Fake leaves look good for a while.....I have a fake tree in one of mine but the leaves get battered and need replacing to maintain the appearance.
It is/has to be about the animals needs but I dont have time to spend hours cleaning rock wall enclosures so its back to basics for this enclosure.


----------



## dragonlover1 (Apr 17, 2018)

Pauls_Pythons said:


> Don't get me wrong they look great but I found the cleaning process was impossible.
> Pic below is one that I have recently gutted, it was purchased with the rock wall already installed. (Could be that the quality of installation might not have been as good as some of the guys on here can come up with but thats another story)
> 
> I find the surface is too rough to facilitate easy/thorough cleaning. Snake pee can be like glue, sticks to any slightly rough surface and can take some elbow grease to remove. With a rough surface that pee can get into tiny nooks which leaves the enclosure never totally clean.
> ...


it's unfortunate you have to go that route Paul,I know it can be a pain in the A but I'm firmly in the camp of providing enjoyment however small.We force our creatures to live in small boxes so we should make their lives as enjoyable as possible I think.This is my take on things and everybody is free to do it their own way.


----------



## Pauls_Pythons (Apr 17, 2018)

dragonlover1 said:


> it's unfortunate you have to go that route Paul,I know it can be a pain in the A but I'm firmly in the camp of providing enjoyment however small.We force our creatures to live in small boxes so we should make their lives as enjoyable as possible I think.This is my take on things and everybody is free to do it their own way.



I don't disagree but I actually found that the 2 diamonds we have housed in that enclosure (at different times) didn't do well in it at all. Both are now in similar sized enclosures but with more height/headroom and seem as happy as can be. 
They have climbing branches and ledges at multiple levels.
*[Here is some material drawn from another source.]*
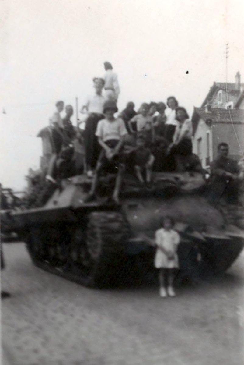 Sur les traces des soldats Allemands, les premiers GI sont passés remontant l'avenue de la République comme en témoigne ces clichés de l'époque. Tout le monde voulait voir et fêter “les Libérateurs”. Michel ne sera pas le dernier à grimper sur le Tank destroyer que l'on voit ici, à droite.

The 'new' home seems to be more functional and gives them more ability to climb/move around.
I bought that specifically for one of my diamonds with the mindset that it would provide good enrichment but it didn't really go that way unfortunately.


----------



## Mick666 (Apr 18, 2018)

I agree with Paul, in my first enclosure I had a fake rock wall with waterfalls and ledges, it was a nightmare to clean.


----------